Sounds like Verizon flipped a certain digit at RIM. Possibly a good amount of
August 2012 iPhone syndrome as well, "don't buy a Blackberry now, the new ones
are coming in January"

------
mrb
The 53% number is for a very narrow period of time: the 12 weeks ending on Nov
25, 2012, which just coincides with the release of iPhone 5...

IOW: nothing to see here, move along. Like jacalata pointed out, the average
market share of iOS, measured on a longer period of time, is closer to 35%:
[http://mashable.com/2013/01/04/apple-smartphone-market-
share...](http://mashable.com/2013/01/04/apple-smartphone-market-
share-35-percent/)

------
Steko
This dance is now familiar. Apple does better than 50% in their release
quarter and then slowly sinks to something like 15%-20% in the months prior to
the next phone's release.

The interesting thing is that this time Apple launched the iPhone 5 to more or
less the whole world in the first 3 months and change and so most people think
they're moving to a semi-annual release schedule.

------
calciphus
I'm always entertained when these numbers are so drastically different. These
guys are getting their numbers from interviews. Think about that.

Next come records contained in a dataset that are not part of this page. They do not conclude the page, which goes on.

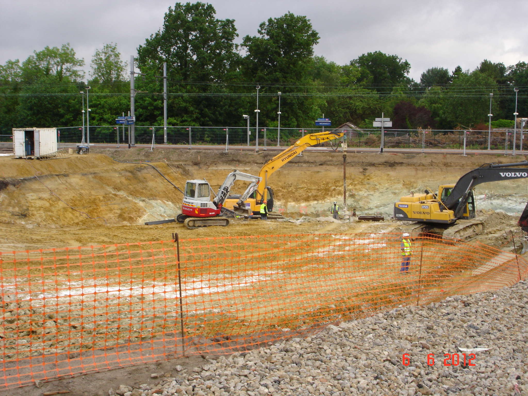 C’est dans cette excavation que sera construit le futur pont. Ce pont sera ensuite rippé à son emplacement définitif pendant le week-end de la Toussaint 2012.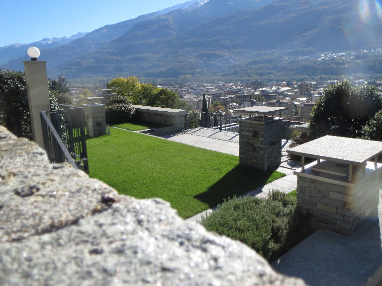 - Coperture: terrazze piane lastricate in pietra levigata o trattate a tetto erboso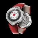 Los relojes Marguerite son en realidad una fábula relojera. Dos gráciles mariposas revolotean alrededor de la margarita que ocupa el centro de la esfera y despliega todo su encanto con sus pétalos lacados en blanco. Las mariposas no pueden resistirse y giran alrededor de la flor acompañando al tiempo. En este reloj hay técnica y poesía. Las mariposas, bañadas en Superluminova azul, naranja o roja –según versión-, tienen un fuerte simbolismo. La más oscura representa a la mujer y es la que marca la hora. La más clara simboliza al hombre y es la que indica los minutos. Esta mariposa aletea alrededor de la esfera de nácar blanco y lo hace sobre el extremo del tallo que está fijado al delicado pistilo de rubíes o zafiros azules.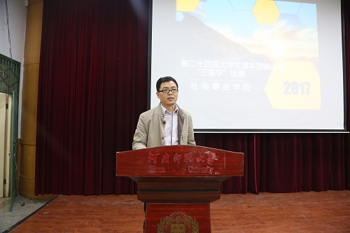 5月3日中午,我院于万人餐厅三楼多功能报告厅举行第二十四届“三笔字”大赛志愿者培训会。我院党委副书记梁作振、体育学院团委书记董文可以及来自政治与公共管理学院和我院的学生志愿者、学生会工作人员300人共同参加了此次培训会。培训会由我院团委书记买惠主持。
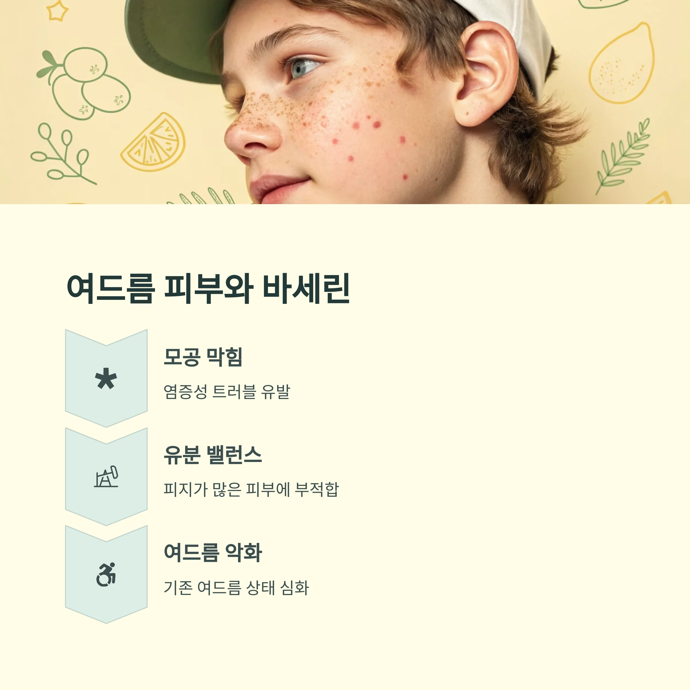 특히 이미 피지가 많은 피부에 바세린을 더하면 유분 밸런스가 무너져 여드름이 더 심해질 수 있습니다.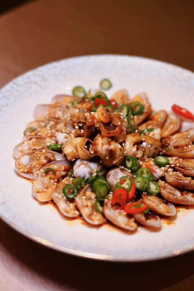 花甲和花螺吸滿花椒汁,微辣入味,花螺爽脆並已去殼。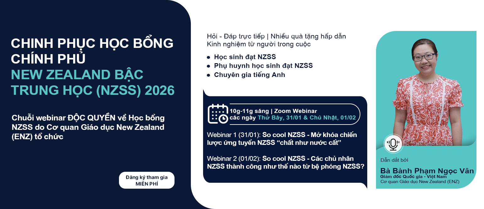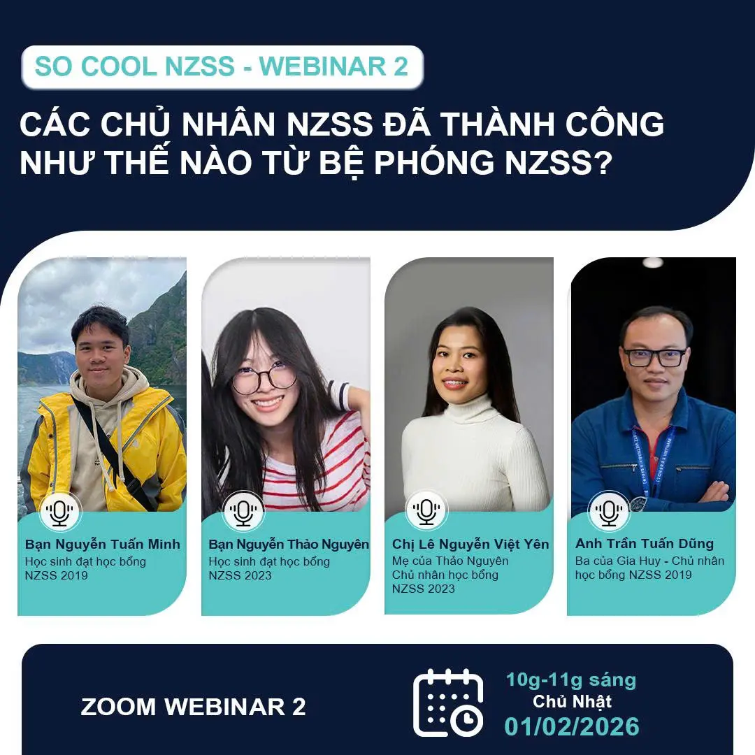 Nhằm cung cấp thông tin chính thống về điều kiện ứng tuyển, yêu cầu tiếng Anh, đồng thời tạo cơ hội trao đổi trực tiếp giữa người xem và các phụ huynh, học sinh NZSS qua các năm, Cơ quan Giáo dục New Zealand (ENZ) tổ chức chuỗi webinar “Chinh phục NZSS 2026” giúp ứng viên năm nay chuẩn bị sẵn sàng và tốt nhất để chinh phục học bổng năm nay. Chương trình diễn ra vào hai ngày thứ Bảy, 31/01 và Chủ Nhật, 01/02 theo hình thức trực tuyến. Chuỗi chương trình quy tụ Giám đốc Quốc gia Việt Nam của Cơ quan Giáo dục New Zealand cùng các chủ nhân học bổng NZSS qua nhiều năm, phụ huynh học sinh và các chuyên gia đào tạo tiếng Anh.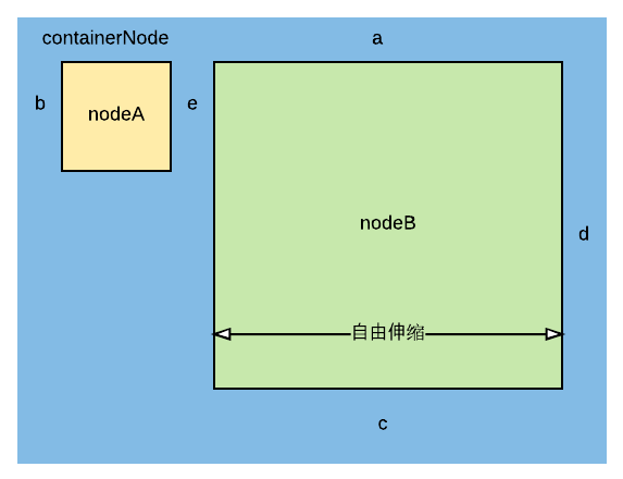 2)根据布局规则和nodeB自身样式属性maxWidth、minWidth、width、height、preferredSize,可以计算出其constrainedSize的minSize是CGSize(width: 0, height: 0),maxSize为CGSize(width: 375 - 100 - b - e - d, height: Inf+),因为nodeB的flexShrink和flexGrow均为1,也即当空间富余或者空间不足时,nodeB添满富余空间或压缩至空间够为止。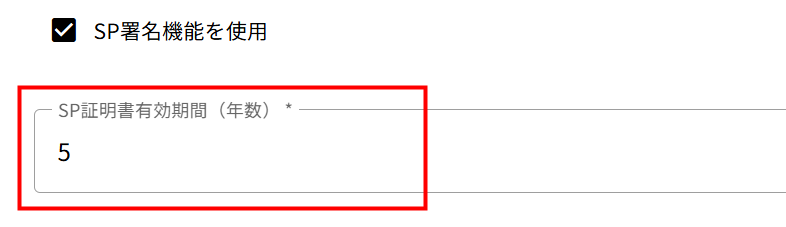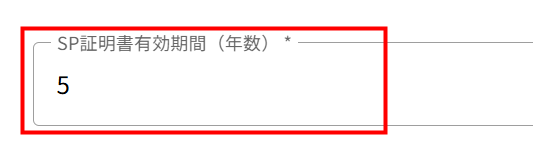 - 「SP証明書有効期間(年数)」を数値で入力します。

Wikipedia used to keep a meta-table of a bunch of different sources and market
share numbers, sadly that's gone.

------
dannyr
I'm getting confused with all these stats but it's just sloppy reporting by
the tech press.

This writer didn't even mention that this is just new smartphone sales instead
of overall shares.

I thought VentureBeat is one of the better ones. I guess not.

------
nirvana
There's a tendency in the "tech" press to focus on a very narrow idea of
"share". When they say "market share" they are almost always talking about new
unit sales. This is because it's a lot cheaper to just take reports from
companies that issue them (as press releases) and then write up a story from
that... and these companies are analyzing only the most recent sales (for the
most party.)

Actual market share is something quite different, as it includes all of the
previously sold, but still operating devices.

The share relevant to developers is still another matter, as it must take into
account the operating system the developer is targetting and how many devices
still in use are using that operating system.

So, if you're a developer for high end mobile games, you might require Android
Jelly Bean and iOS 6. Thus the question of where to direct your resources
would best be answered by "What is the addressable market size for these two
operating systems?"

I don't know the answer to that, but too often the torrent of shallow media
news talking about "Share" that only talks about the current sales is taken as
some sort of relevant long term value.

It's like saying Las Vegas is cold because you took the temperature one day in
January. Worse you took that temperature in a freezer, rather than out in the
open air. (Eg you're not even measuring the same thing the conclusion is
about.)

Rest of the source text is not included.